- **HOW TO COMPLETE THIS TASK**
Reproduce the listing below character for character; drop every image.

- **PROVIDED DATA**
☆ ☆ ☆ ☆ ☆ ☆ ☆

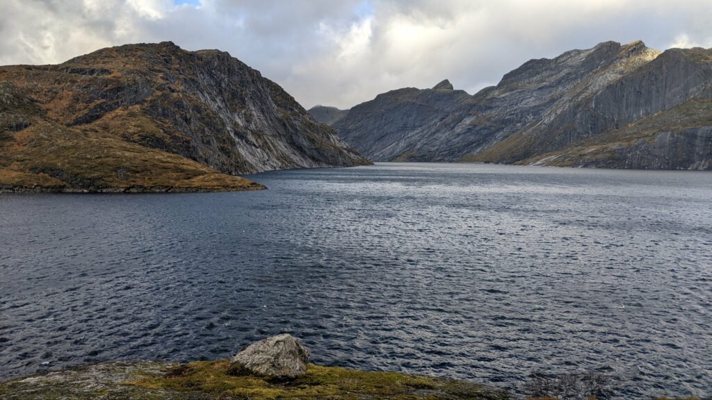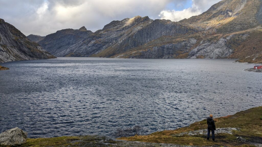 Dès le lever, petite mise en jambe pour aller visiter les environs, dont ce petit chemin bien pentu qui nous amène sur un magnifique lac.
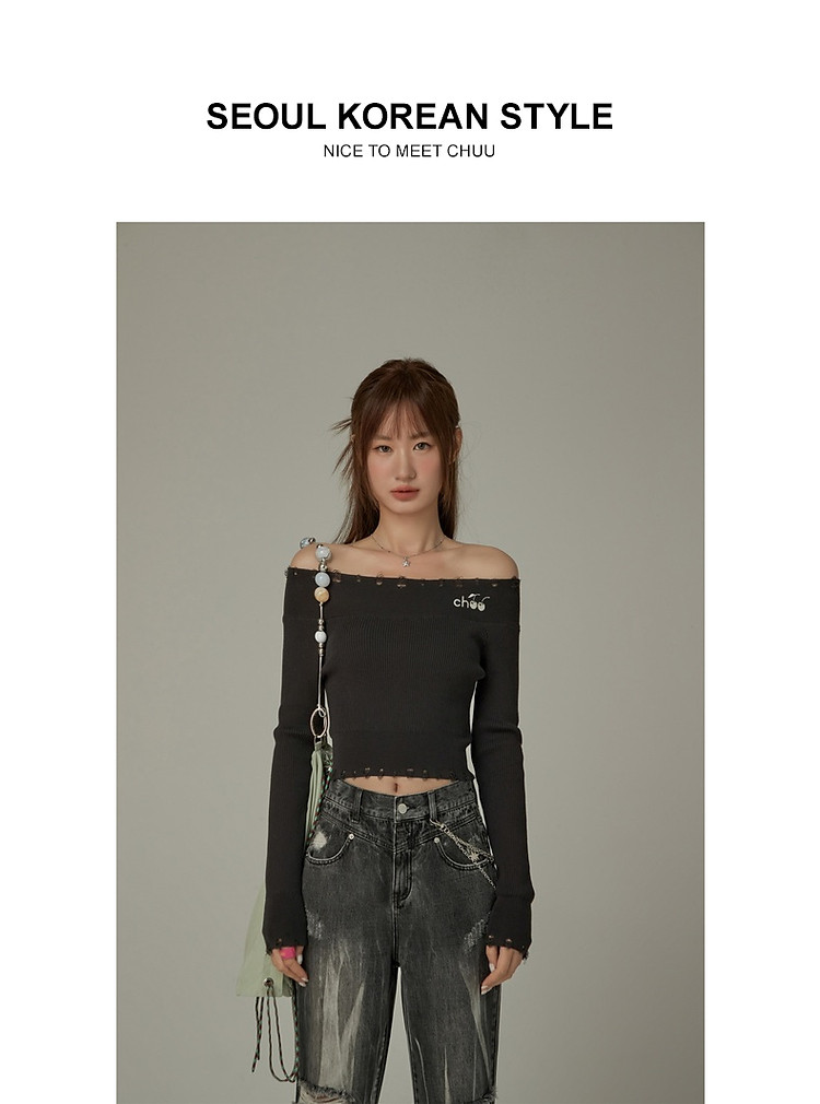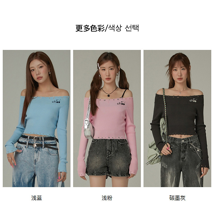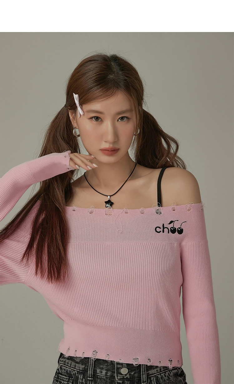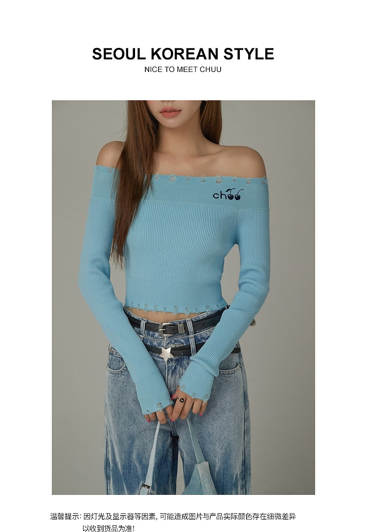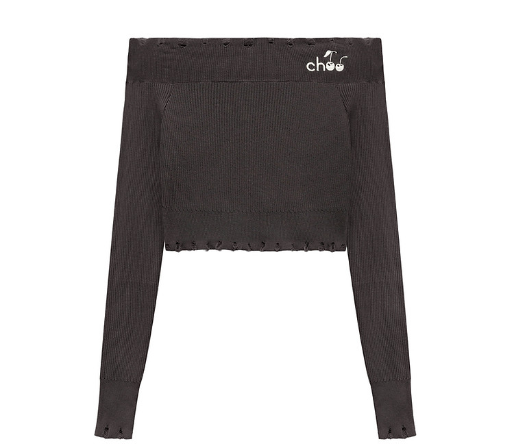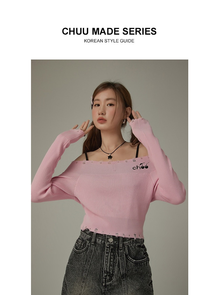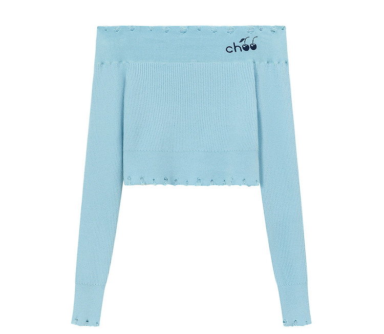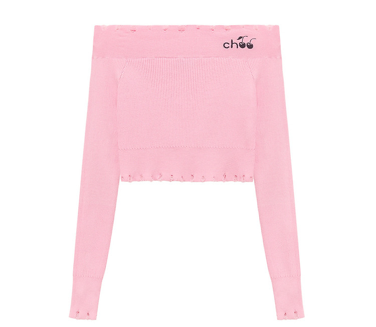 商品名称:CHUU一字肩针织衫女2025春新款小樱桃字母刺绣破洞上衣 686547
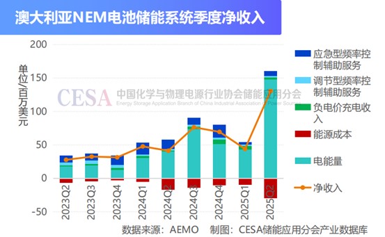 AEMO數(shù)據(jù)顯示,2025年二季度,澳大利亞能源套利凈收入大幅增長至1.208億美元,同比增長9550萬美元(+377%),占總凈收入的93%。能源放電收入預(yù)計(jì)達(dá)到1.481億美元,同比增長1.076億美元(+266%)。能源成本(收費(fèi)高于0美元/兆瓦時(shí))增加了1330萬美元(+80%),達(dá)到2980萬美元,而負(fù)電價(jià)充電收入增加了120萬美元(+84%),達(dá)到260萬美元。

☆ ☆ ☆ ☆ ☆ ☆ ☆

- **TASK RESPONSE**
 Dès le lever, petite mise en jambe pour aller visiter les environs, dont ce petit chemin bien pentu qui nous amène sur un magnifique lac.
 商品名称:CHUU一字肩针织衫女2025春新款小樱桃字母刺绣破洞上衣 686547
 AEMO數(shù)據(jù)顯示,2025年二季度,澳大利亞能源套利凈收入大幅增長至1.208億美元,同比增長9550萬美元(+377%),占總凈收入的93%。能源放電收入預(yù)計(jì)達(dá)到1.481億美元,同比增長1.076億美元(+266%)。能源成本(收費(fèi)高于0美元/兆瓦時(shí))增加了1330萬美元(+80%),達(dá)到2980萬美元,而負(fù)電價(jià)充電收入增加了120萬美元(+84%),達(dá)到260萬美元。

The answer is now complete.